King: It says a lot. I just finished a book, the third book in the Talisman series. As soon as I sent out the draft to the readers I trust, I regretted it because I was convinced that somebody would call me up or send me an email and say “Steve, this is gibberish. This doesn’t make any sense at all”. I’m also afraid, as I get older, of (losing) the ability to communicate, and I really don’t want to continue in decline. So, yes, there are fears, there’s insecurity, there’s always a sense that your work is not good enough and that you’re not living up to your abilities. And there’s always this feeling, too, that time is getting shorter. You only got so much, so please make it worthwhile.
Your fans would be mad if I didn’t ask about the status of the TV adaptations of Carrie and The Dark Tower.
Flanagan: For the Carrie series, I spent yesterday dumping buckets of blood on to people to see which were too red or too orange or too syrupy or too light. And then I came home and opened up the Dark Tower scripts. Steve and I have been back and forth on drafts of numerous episodes of the show. That’s in a good place, but The Dark Tower is an oil tanker of a project.
Mike, what does Steve say when he pushes back on something you’re doing?
Flanagan: I don’t think we’ve really hit that crossroad. I had nightmares about how Steve could potentially feel about what we might do to Doctor Sleep, because he had such a storied history with (Stanley) Kubrick and how The Shining came out.
Steve, your dislike of that movie has attained mythical status. Have your feelings about it been blown out of proportion?
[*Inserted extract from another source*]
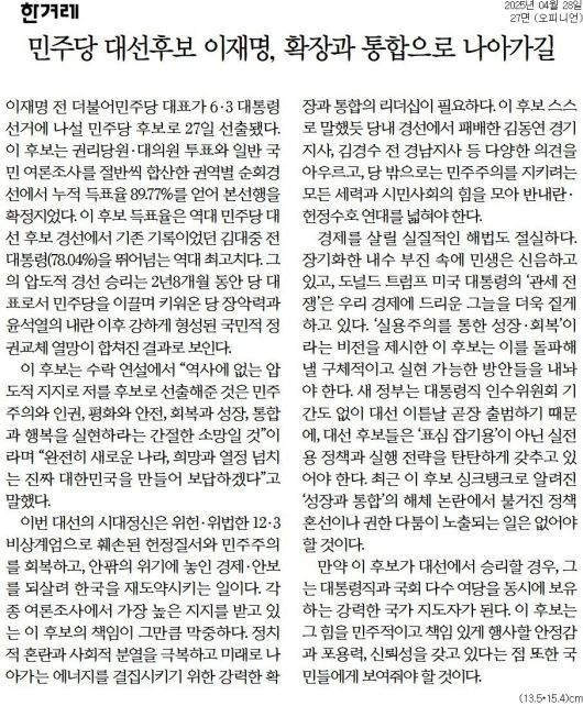 한겨레 = 민주당 대선후보 이재명, 확장과 통합으로 나아가길
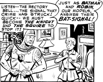 The Knight and Squire made their home in an English village known as Wordenshire. They were a father and son team who by day were the Earl of Wordenshire and young Cyril. The Knight was clad in gold armor and chain mail while the Squire wore a matching tunic and archer's cap. Inspired by the story of the Bat-Signal, the duo arranged for the townspeople to sound the rectory bell whenever they were needed. These modern cavaliers rode into battle on unique motorcycles with horse's heads mounted on the front their war horses.

King: I think I’ve said all I have to say. I don’t like (Jack) Nicholson in it. Shelley Duvall turns into this sort of scream machine, and it’s very misogynistic. Man, I guess you could just say I didn’t like the movie. I think it’s cold.
Flanagan: The first time Steve and I met in person, I sat next to him in a theatre in Bangor, Maine, watching Doctor Sleep, which was one of the scarier days of my life. But Steve seemed so pleased with it, and he said it actually kind of warmed up some of his feelings about The Shining. Then Kubrick’s estate got in touch and said they also loved the movie. I said to my wife, if they’re all happy, the movie could crash and burn at the box office and that’d be fine – and then it did. I jinxed it completely. But Steve wrote to me that Monday to help put into perspective the difference between success and an opening weekend box office report.
THE WALL STREET JOURNAL
The Life of Chuck will be released in Australian cinemas on August 14.